6. Impact of the social security and benefits system on the people who need them. When the first lockdown happened, assessments and appointments were suspended and people's payments continued; for a few months, overpayments and advances were not deducted from people's monthly transfers but by mid-summer the Department for Communities announced it was resuming these. Suspended appointments created backlogs -- for example, over 4,000 people appealing Personal Independence Payment decisions -- waiting months, often on significantly reduced incomes, for their cases to be heard. When appointments resumed, the requirement to hear appeals by phone or video link to minimise Covid risks caused added stress and difficulty to some due to the disabilities they live with. People in need could lodge new applications for Universal Credit online; for many, the five-week wait for the first payment obliged them to seek advances to carry on paying their bills. Some are still having those repayments deducted, meaning that they are living every month below the prescribed income line. In September Belfast City Council passed a motion saying, "In the wake of the economic crisis caused by the coronavirus pandemic, this Council recognises the need for a reformed, fairer welfare system that protects everyone in society and acknowledges the need to provide economic security for all to invest in people, protect livelihoods and kick-start the economy… Belfast City Council calls on the Departments of Communities, Finance and the UK Treasury to investigate the design and delivery of a recovery UBI [Universal Basic


Income] for Northern Ireland, and will commit to producing a plan for how such a pilot could be implemented in Belfast." The social security and benefits system is mentioned only once, as a topic under the key priority area of 'inclusion and tackling disadvantage' in the 'caring society' outcome (outcome 8).
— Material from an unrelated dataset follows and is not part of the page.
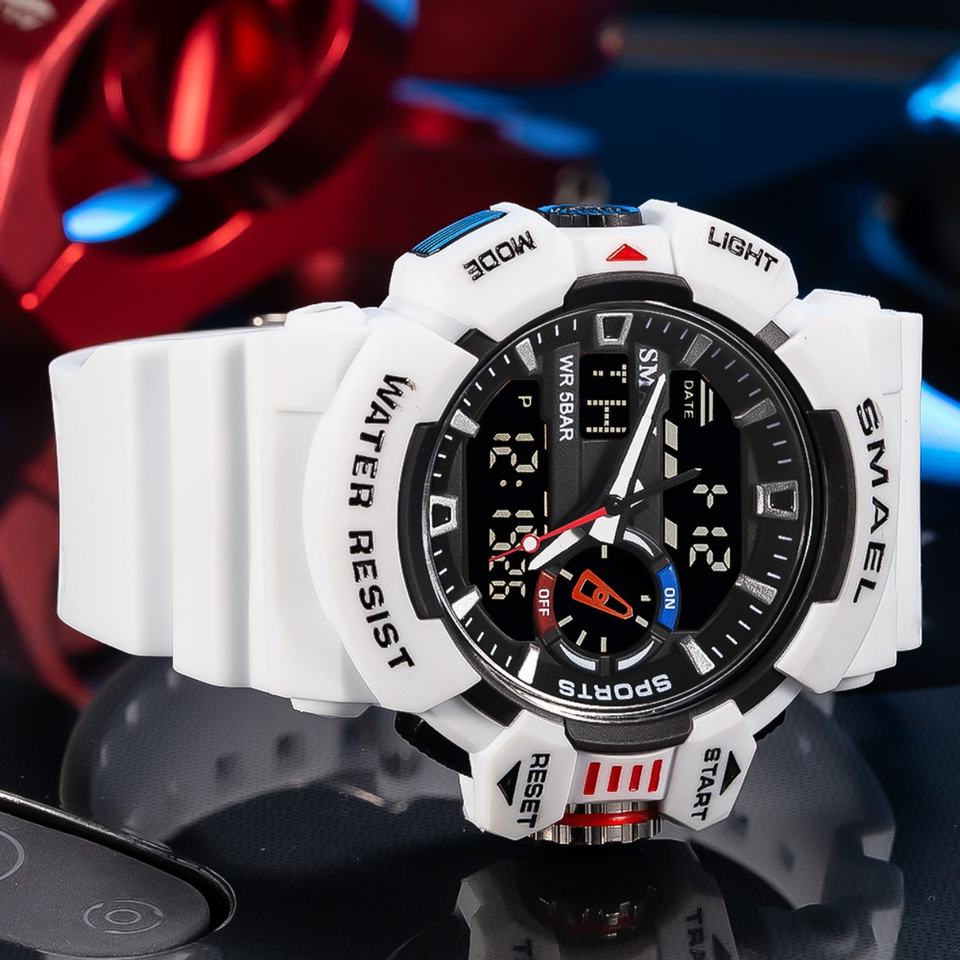 นาฬิกา SMAEL รุ่น 8043 นาฬิกาข้อมือผู้ชายแบบจอแสดงผลคู่ กันน้ำ นาฬิกาดิจิตอลและอนาล็อกแบบสปอร์ต พร้อมไฟ LED
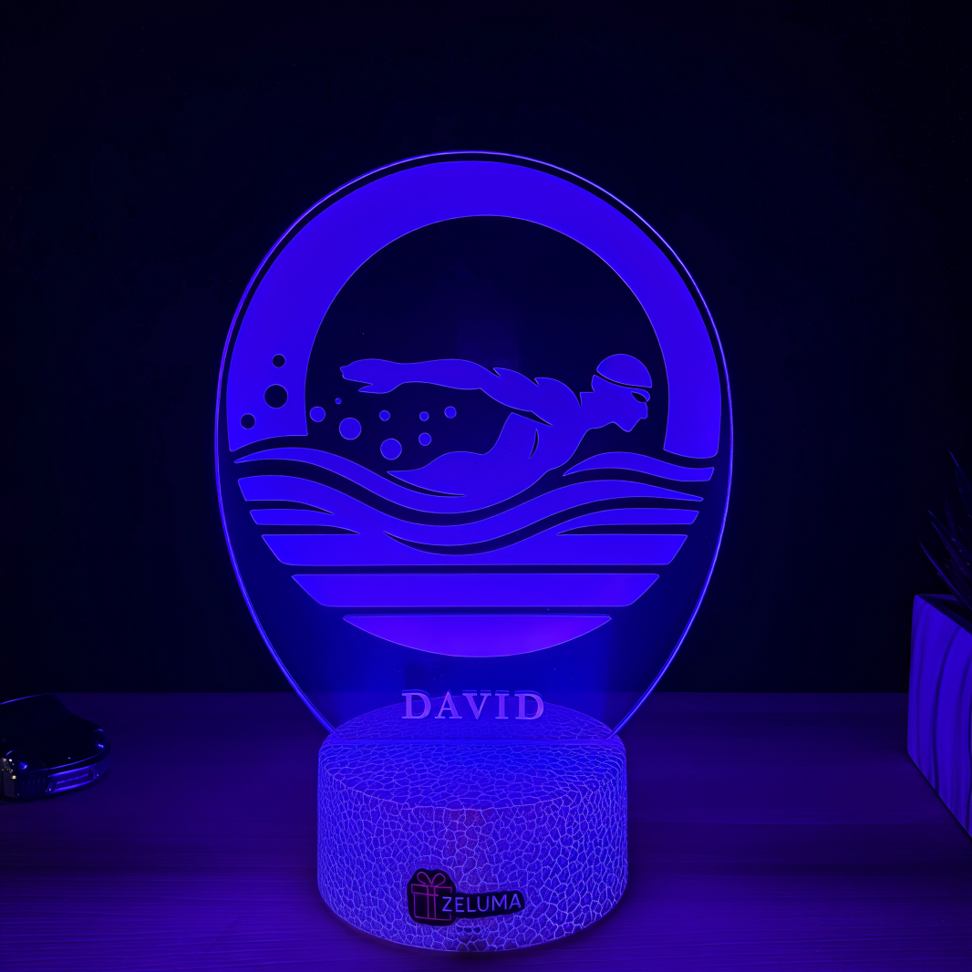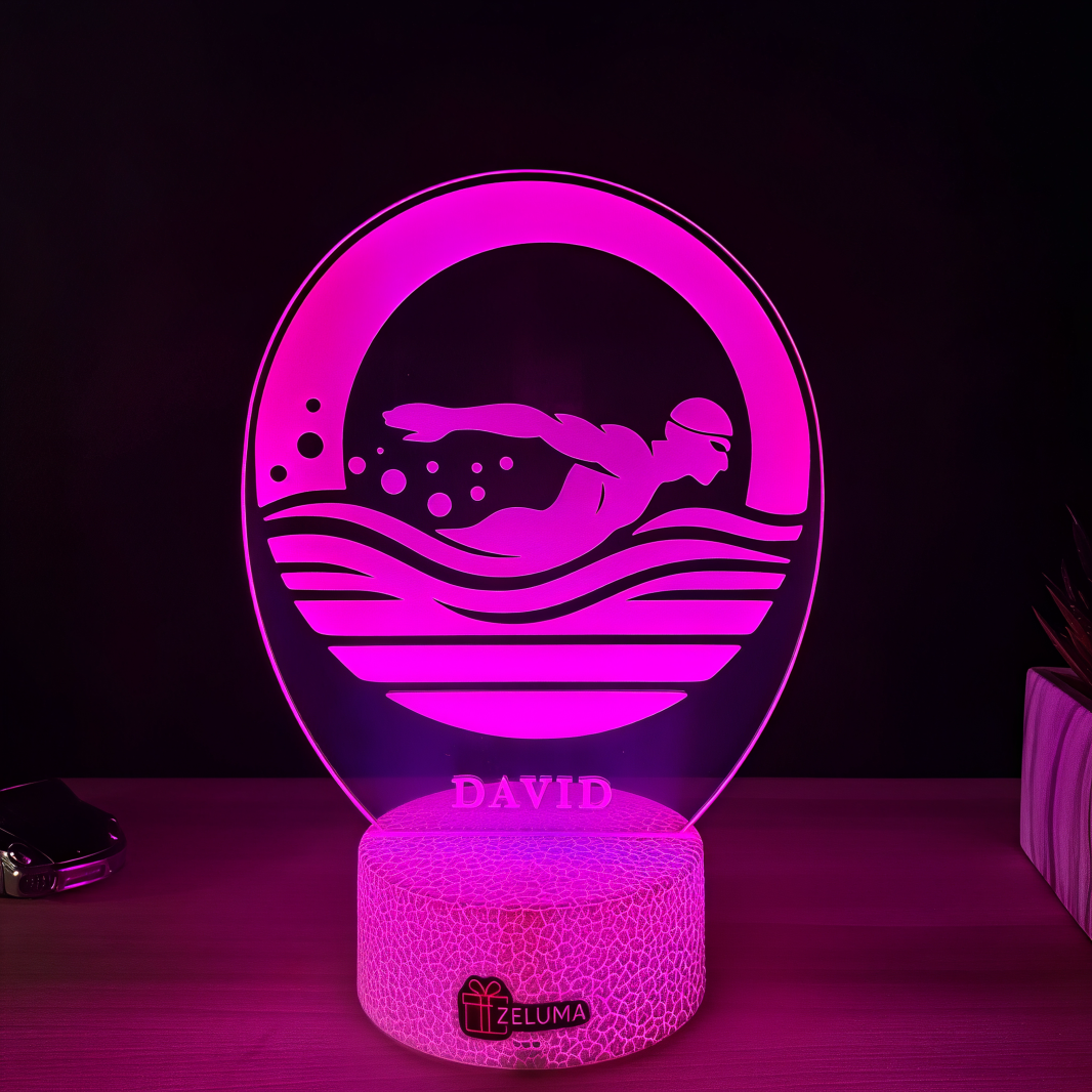 🔥 Personalizata cu numele tau, aceasta lampa este un cadou ideal pentru pasionatii de inot, sportivi sau copii care iubesc apa si competitia. O decoratiune moderna si motivanta, potrivita pentru camera de zi, dormitor sau birou.

This is a surprising omission, given Department for Communities analysis that the monthly average of around 7,000 new claims jumped more than fivefold in March 2020 alone. An unprecedented number of NI households are relying on the Universal Credit programme to get by every month; surely how this is working warrants dedicated focus under this Programme for Government. The evidence base can be drawn from DfC programme statistics.
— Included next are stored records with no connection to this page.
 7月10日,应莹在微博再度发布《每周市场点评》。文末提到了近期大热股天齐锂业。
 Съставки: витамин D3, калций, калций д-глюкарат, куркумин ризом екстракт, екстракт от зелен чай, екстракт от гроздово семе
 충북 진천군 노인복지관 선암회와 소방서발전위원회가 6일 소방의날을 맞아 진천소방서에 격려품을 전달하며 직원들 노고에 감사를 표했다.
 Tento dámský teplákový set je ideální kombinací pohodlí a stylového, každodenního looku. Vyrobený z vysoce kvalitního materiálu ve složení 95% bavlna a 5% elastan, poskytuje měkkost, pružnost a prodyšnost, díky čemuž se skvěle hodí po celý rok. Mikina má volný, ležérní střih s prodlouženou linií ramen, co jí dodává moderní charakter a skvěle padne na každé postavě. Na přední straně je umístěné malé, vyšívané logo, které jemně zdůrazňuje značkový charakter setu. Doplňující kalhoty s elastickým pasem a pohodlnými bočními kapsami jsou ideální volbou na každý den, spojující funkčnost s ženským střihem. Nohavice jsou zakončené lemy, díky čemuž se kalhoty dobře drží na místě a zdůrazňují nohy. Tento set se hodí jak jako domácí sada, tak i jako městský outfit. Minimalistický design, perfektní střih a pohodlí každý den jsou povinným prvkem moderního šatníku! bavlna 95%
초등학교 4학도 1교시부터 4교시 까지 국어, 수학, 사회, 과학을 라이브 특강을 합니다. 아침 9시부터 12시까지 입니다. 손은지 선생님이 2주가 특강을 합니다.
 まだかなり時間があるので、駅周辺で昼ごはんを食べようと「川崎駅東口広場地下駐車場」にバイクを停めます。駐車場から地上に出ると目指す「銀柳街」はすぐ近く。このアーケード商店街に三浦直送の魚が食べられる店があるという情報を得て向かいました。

IV. Conclusion The foreword to the draft Outcomes Framework, signed by the First and Deputy First Ministers, mentions 'emerging positives' from the pandemic like a new focus on health and happiness, innovation and partnership. The introduction says further that while the pandemic highlighted "flaws in traditional models and approaches to public services", it also showed what could be accomplished with political and popular will. All of this is true, and can provide meaningful support to programming going forward. But as both the draft document and its EQIA point out, ensuring that the essentials are identified and included, in enough detail to ensure that adequate, targeted programming and resources follow, is the job of the Outcomes Framework. Anything else is not good enough.